Types of aggregations:
- Bucket, uses a field within the document type to aggregate on. For example, people by gender. Buckets can be nested. People by country, by gender for example. Buckets can also be sorted by its
_key
(the value of the in context bucketing term). - Metrics, the usual aggregation suspects,
count
,max
,min
,cardinality
, etc. - Term, what the biggest contributor (e.g. by country) of a specific search term. Term aggregation are not precise due to a distributed computing problem, where aggregates are calculated per shard by each data node, which is then in turn tallied up by the coordinating node. To avoid this, you can ask that more aggregation results be returned to the coordinator, to avoid inaccurate tallying, by specifying a
"shard_size": 500
Tricks:
- Set a
"size": 0
to completely strip everything, but the aggregate result itself. - Queries and aggregations can be coupled together.
- The
cardinality
aggregation reports on just the distinct values. Has a default value of 3000.
Best Practices
Index Aliases
Think symbolic linking for indices. Avoid coupling clients to underlying index. For example, the frontend index alias might be called blogs and the underlying index blogs_v1.

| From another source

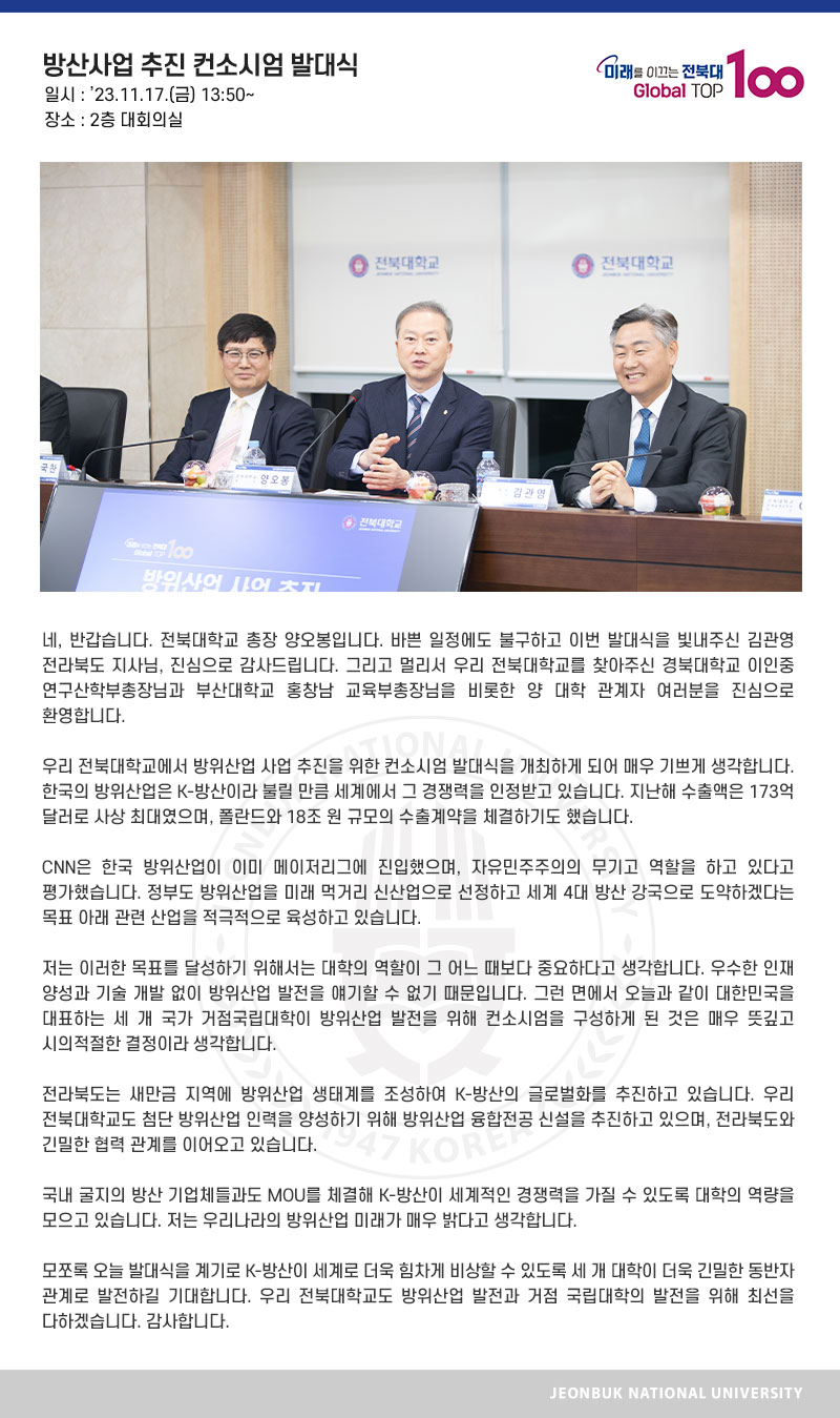 네, 반갑습니다. 전북대학교 총장 양오봉입니다. 바쁜 일정에도 불구하고 이번 발대식을 빛내주신 김관영 전라북도 지사님, 진심으로 감사드립니다. 그리고 멀리서 우리 전북대학교를 찾아주신 경북대학교 이인중 연구산학부총장님과 부산대학교 홍창남 교육부총장님을 비롯한 양 대학 관계자 여러분을 진심으로 환영합니다. 우리 전북대학교에서 방위산업 사업 추진을 위한 컨소시엄 발대식을 개최하게 되어 매우 기쁘게 생각합니다. 한국의 방위산업은 K-방산이라 불릴 만큼 세계에서 그 경쟁력을 인정받고 있습니다. 지난해 수출액은 173억 달러로 사상 최대였으며, 폴란드와 18조 원 규모의 수출계약을 체결하기도 했습니다. CNN은 한국 방위산업이 이미 메이저리그에 진입했으며, 자유민주주의의 무기고 역할을 하고 있다고 평가했습니다. 정부도 방위산업을 미래 먹거리 신산업으로 선정하고 세계 4대 방산 강국으로 도약하겠다는 목표 아래 관련 산업을 적극적으로 육성하고 있습니다. 저는 이러한 목표를 달성하기 위해서는 대학의 역할이 그 어느 때보다 중요하다고 생각합니다. 우수한 인재 양성과 기술 개발 없이 방위산업 발전을 얘기할 수 없기 때문입니다. 그런 면에서 오늘과 같이 대한민국을 대표하는 세 개 국가 거점국립대학이 방위산업 발전을 위해 컨소시엄을 구성하게 된 것은 매우 뜻깊고 시의적절한 결정이라 생각합니다. 전라북도는 새만금 지역에 방위산업 생태계를 조성하여 K-방산의 글로벌화를 추진하고 있습니다. 우리 전북대학교도 첨단 방위산업 인력을 양성하기 위해 방위산업 융합전공 신설을 추진하고 있으며, 전라북도와 긴밀한 협력 관계를 이어오고 있습니다. 국내 굴지의 방산 기업체들과도 MOU를 체결해 K-방산이 세계적인 경쟁력을 가질 수 있도록 대학의 역량을 모으고 있습니다. 저는 우리나라의 방위산업 미래가 매우 밝다고 생각합니다. 모쪼록 오늘 발대식을 계기로 K-방산이 세계로 더욱 힘차게 비상할 수 있도록 세 개 대학이 더욱 긴밀한 동반자 관계로 발전하길 기대합니다. 우리 전북대학교도 방위산업 발전과 거점 국립대학의 발전을 위해 최선을 다하겠습니다. 감사합니다.

Aliases can also have filters built-in to them, for example only documents that relate to the engineering department.
The indices that make up an aliases:
POST _aliases
{
"actions": [
{
"add": {
"index": "logs-2018-07-05",
"alias": "logs-write"
}
},
{
"remove": {
"index": "logs-2018-07-04",
"alias" : "logs-write"
}
}
]
}
Index Templates
Blueprints for indices when their name matches a pattern. For controlling things like:
- Shard configuration
- Replica configuration
Multiple templates can be applied to an index, depending on the name matching rules that are evaluated. An order
value in the template helps to battle.
Scroll Search
Allows you take a snapshot of results (they result will not be impacted as new document get added/deleted from the index). Can have a maximum of 1000 results.
Cluster Backup
Based on the Snapshot and Restore API. A number of repository destinations are supported, including cloud blobs, a network file system, a URL.

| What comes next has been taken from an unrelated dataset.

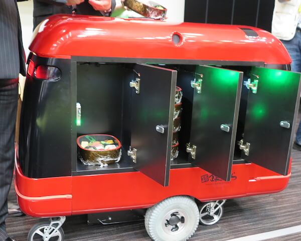 話題ZMPと宅配寿司「銀のさら」を展開するライドオン・エクスプレス(東京都港区)は13日、歩道を自動走行する宅配ロボットのプロトタイプを報道陣に公開した。
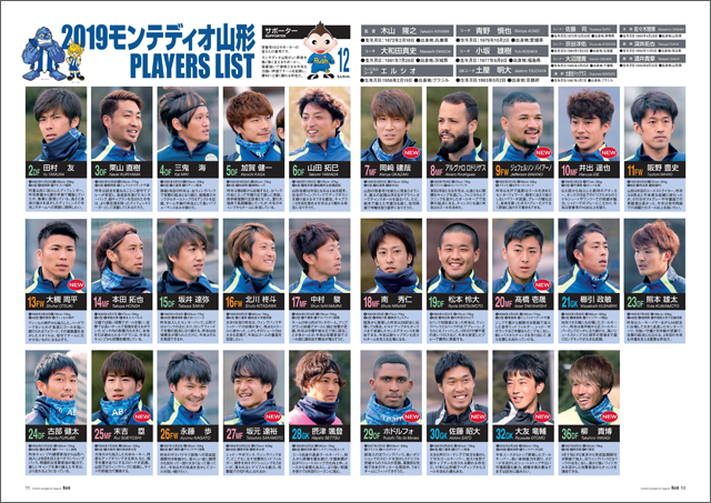 新加入選手インタビューでは、今年新加入した、ジェフェルソン・バイアーノ、ホドルフォ、井出遥也、坂元達裕、柳貴博、大友竜輔の6選手に、キャンプ中の様子や新シーズンに向かう決意を伺いました。また、鹿児島での2次キャンプの様子をもとに、今年のモンテディオ山形のスタイルを詳しく分析していきます。もちろん、開幕戦のFC岐阜戦のマッチレポートも詳しく掲載します。

Defining a backup repository:
PUT _snapshot/my_repo
{
"type": "fs",
"settings": {
"location": "/mnt/my_repo_folder"
}
}
Different providers are provided as Elasticsearch plug-ins:
Backup tips:
- Backups that are sent to the repository are incremental. Deleting.

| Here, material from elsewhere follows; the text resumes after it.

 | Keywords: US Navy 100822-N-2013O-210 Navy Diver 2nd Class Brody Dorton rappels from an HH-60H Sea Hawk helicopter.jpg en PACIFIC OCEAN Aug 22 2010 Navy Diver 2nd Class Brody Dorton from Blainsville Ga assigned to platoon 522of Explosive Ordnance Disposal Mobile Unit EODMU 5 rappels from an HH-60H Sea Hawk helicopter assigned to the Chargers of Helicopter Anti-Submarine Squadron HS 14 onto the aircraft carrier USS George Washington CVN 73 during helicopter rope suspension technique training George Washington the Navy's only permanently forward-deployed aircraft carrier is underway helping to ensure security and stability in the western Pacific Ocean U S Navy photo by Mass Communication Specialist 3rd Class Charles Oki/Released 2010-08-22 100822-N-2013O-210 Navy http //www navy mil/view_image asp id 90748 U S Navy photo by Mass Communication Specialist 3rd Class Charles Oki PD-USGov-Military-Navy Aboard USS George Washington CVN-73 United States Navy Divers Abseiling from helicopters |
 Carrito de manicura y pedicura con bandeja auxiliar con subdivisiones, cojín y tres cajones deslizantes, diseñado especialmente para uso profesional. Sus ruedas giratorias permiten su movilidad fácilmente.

- Handy for doing Elasticsearch upgrades. You can have a parallel cluster running the latest version, restore the backup to it.
General tips and tricks:
- Copy as curl from Kibana.
- Kibana can format JSON is pretty print (for humans) or single line format for use with the bulk API, with ctrl+i.
- Curator is an Elastic product like
cron
? - Sorting by
_doc
is the fastest possible way to order results (because its the same order within the physical shard).